Closed lihy-1224 closed 7 years ago
all_600k_dataset.pkl
contains all the data examples of kp20k, in which around 530k examples are for training, 20k for validating and 20k for testing.
validation_id_20000.pkl
and testing_id_20000.pkl
indicate the indexes of validation data and testing data in the all_600k_dataset.pkl
respectively. Note that each file is very small, as only an array of indexes is included.
all_600k_voc.json
and all_600k_voc.pkl
are all words in the vocabulary sorted by frequency. I remember they are not used in the model.
inspec.testing.pkl
is a small testing dataset for simple evaluation during training.
OK, I got it! But if I want to use my own data for training dataset, do I have to use "/keyphrase/dataset/keyphrase_dataset.py" to generate the pickled data?

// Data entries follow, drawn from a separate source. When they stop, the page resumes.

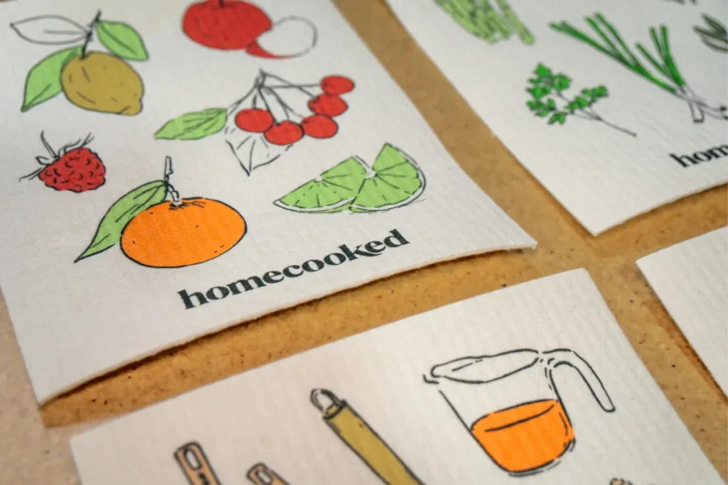 Our cooking-inspired Swedish dishcloths celebrate the everyday joys of the kitchen. Each set of designs features fruits, herbs, pantry staples, and kitchen tools—the same kinds of illustrations you’ll find within the pages of Homecooked. Thoughtfully illustrated in soft, natural colors, they’re as beautiful on display as they are useful in your daily cooking and cleaning routine.
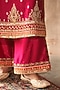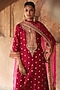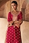 Sheetal Batra presents a mesmerizing hot pink A-line kurta in silk chanderi base with pearl, sequins, kashmiri tilla and gota patti embroidery. It is paired with palazzo pants and a silk organza dupatta. Style it with kundan polki earrings, a braided hairstyle and block heels, ideal for weddings or a bridal look.
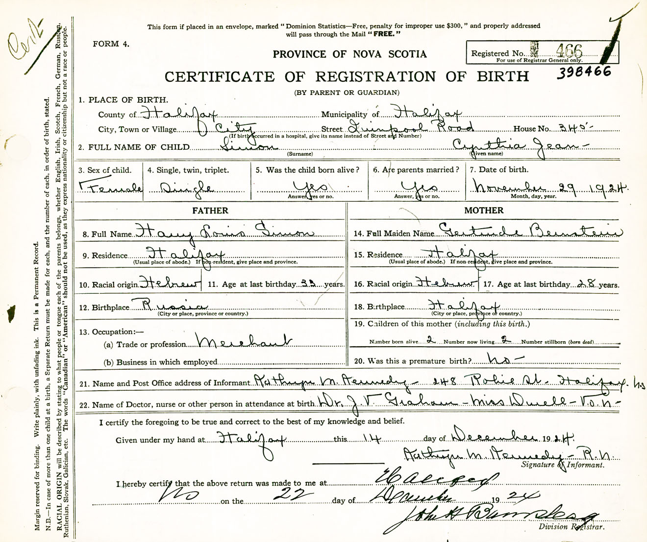 Female Birth Registration: Year: 1924 number: 39800466
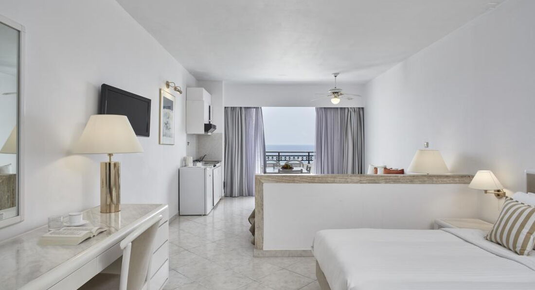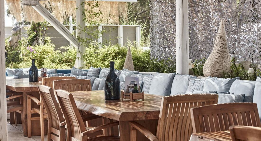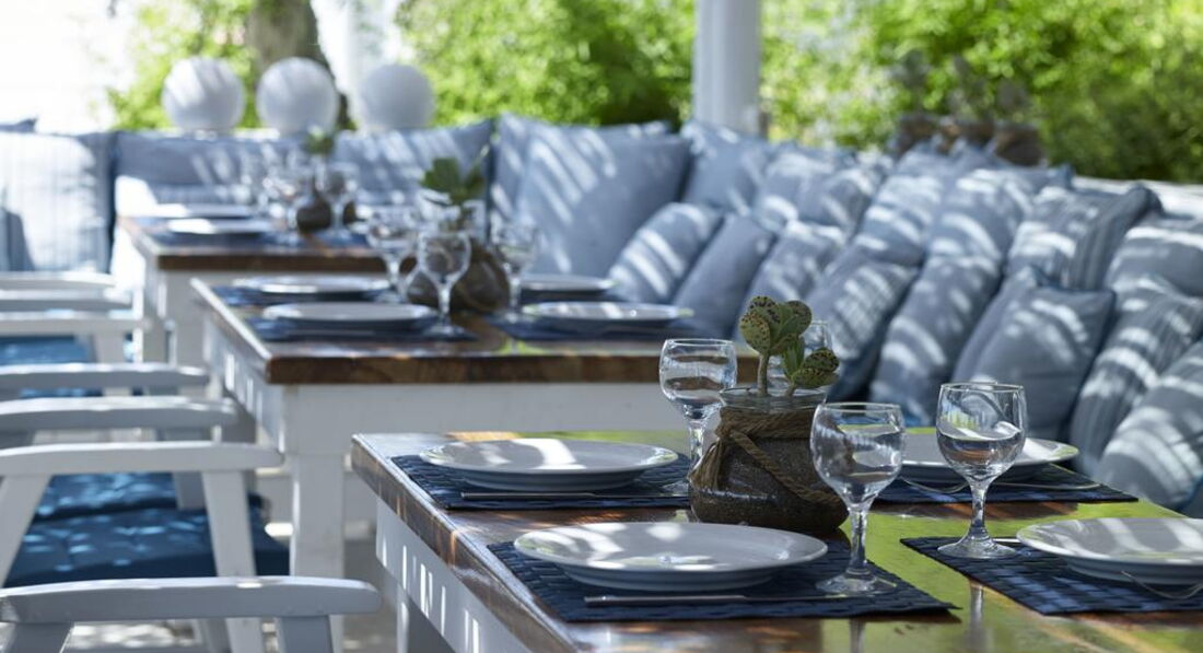 • традиційна грецька таверна пропонує відвідувачам страви грецької та міжнародної кухонь; • бар біля басейну пропонує прохолодні напої, коктейлі
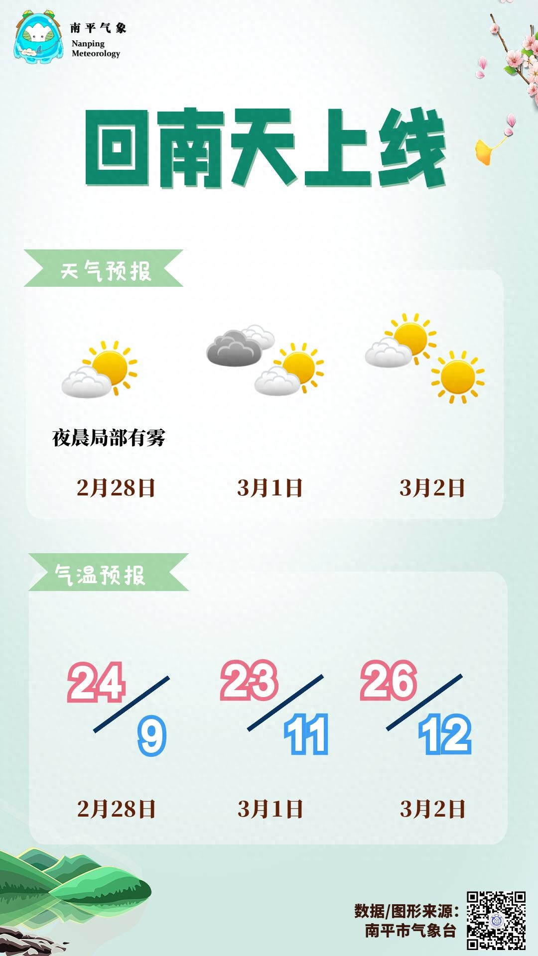 未来三天南平市以多云天气为主
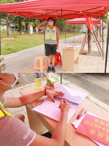 在海滄新陽隔離點(diǎn),象嶼志愿者自9月27日進(jìn)駐以來,就全力做好被隔離人員的生活服務(wù)工作,如分餐、藥物運(yùn)輸、生活垃圾清運(yùn)等。用厚厚的防護(hù)服包裹全身,淋漓的汗水、悶熱感甚至窒息感接踵而來,但他們不叫苦不叫累,每天仍堅(jiān)持工作超過10個小時。在海翔大道東埔村檢查站點(diǎn),象嶼志愿者從9月17日開始的交通協(xié)管任務(wù)也仍在持續(xù)。他們以每天3班、24小時不間斷的堅(jiān)守,確保疫情不擴(kuò)散。
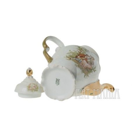 Barokowy wyzłacany dzbanek z porcelany – element serwisu do herbaty „Fryderyka”. Naczynie zdobi perłowa, opalizująca powłoka i scenki rodzajowe. Dzbanek pochodzi z Zakładu Porcelany Stołowej „Krzysztof” w Wałbrzychu. Lata 60XXw.
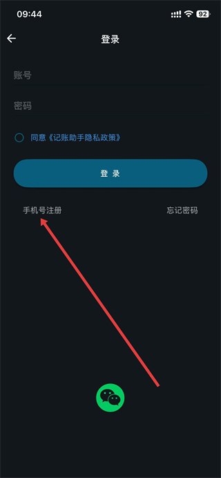3、在登錄頁面,找到并點(diǎn)擊下方的手機(jī)號(hào)注冊(cè)選項(xiàng)。
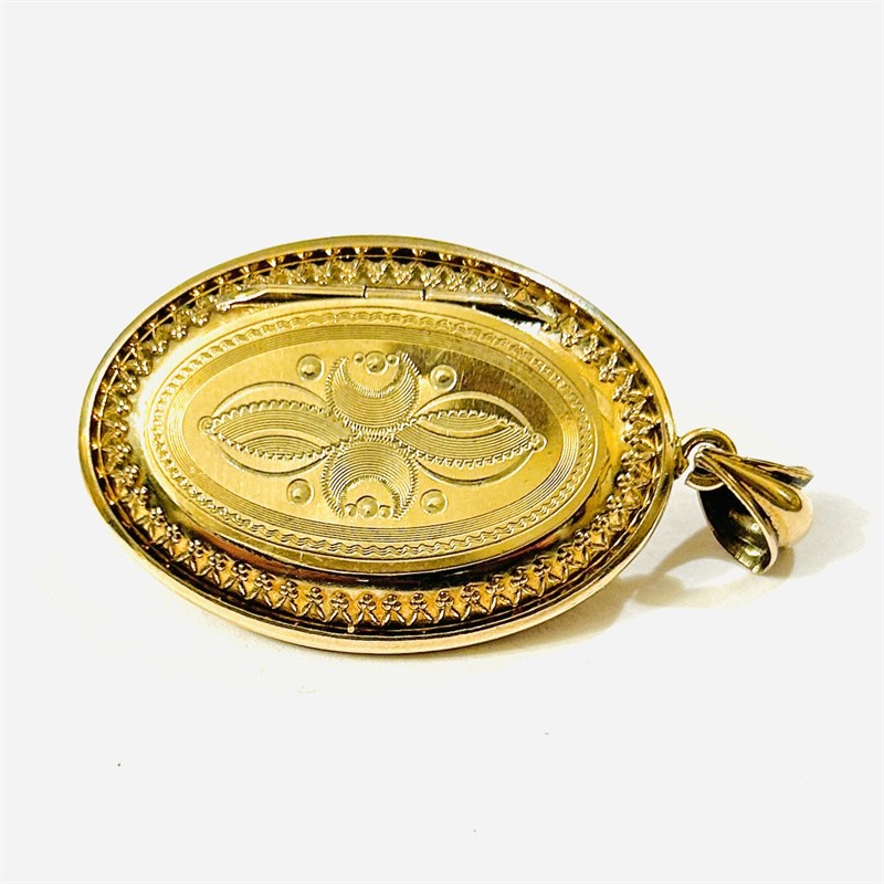 Honosný přívěšek sloužící i jako medailon na fotografie, oválně tělo bohatě plasticky tvarováno a dekorováno ve stylu pozdního biedermeieru. Frontální část v kontrastním lesklém a matovaném zlatavém odstínu, ve středu osazena v mnohokrapnové koruně bílým kamenem, víčko při zadní straně zdobeno jemným gilošováním. Prostor pro fotografii podložen purpurem a opatřeno krycími sklíčky. Kvalitní západoevropská zlatnická práce ze 3. čtvrtiny 19. století. Zhotoveno ze zlatavé slitiny stříbra o ryzosti 450/1000, ouško ze zlata, vnitřní rámečky z obecného kovu; neznačeno. Hmotnost 9,51 g, celková délka 49,5 mm, šířka 26 mm. Zavírání v pořádku, jedno z krycích sklíček prasklé, nepůvodní osazení kamene, jinak v zachovalém stavu.
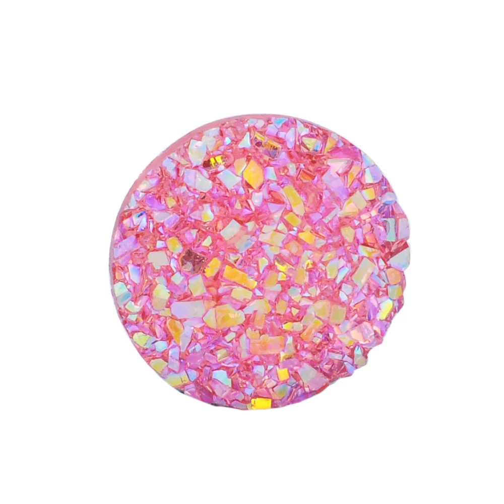 Rózsaszín színű csillámos druzy műgyanta kabochon (12mm) /4db
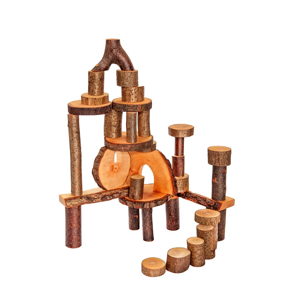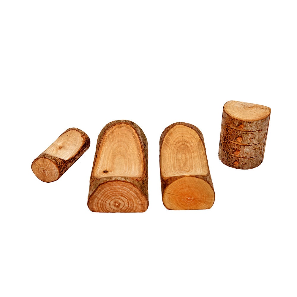 形は樹木の個性を活かし、高さを2㎝、4㎝、6㎝、8㎝、10㎝の5種類で揃えてあるブロックが36個入っています。 積み重ねたり並べたりすることで、数や計算、バランス感覚など、 創造と想像の可能性を広げられます。
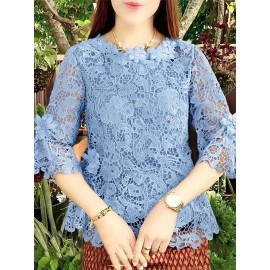 Material:PolyesterComposition:100% PolyesterStyle:ElegantOperation Instruction:Machine wash or professional dry cleanSeason:Spring/FallType:TopsFabric:Non-StretchSheer:Semi-SheerPattern:Solid colorDetails:Contrast LacePrinting Type:No PrintingWeaving Method:Knit FabricCollar Style:Crew NeckBrand:ZANZEAItem ID:CF7255465Origin:Guangdong,China..

Yes, I think these two lines below matter most, but I've commented them in the code. Other lines are trivial, mostly about exporting something for data analysis:
train_set, test_set, idx2word, word2idx = load_data_and_dict(config['training_dataset'], config['testing_dataset'])
serialize_to_file([train_set, test_set, idx2word, word2idx], config['dataset'])
Thx, I understood it after reading your codes and paper carefully. But one thing still confuses me is the role of 'title' in your dataset, which contains 'abstract', 'title' and 'keyword'. Can I use a dataset without 'title'?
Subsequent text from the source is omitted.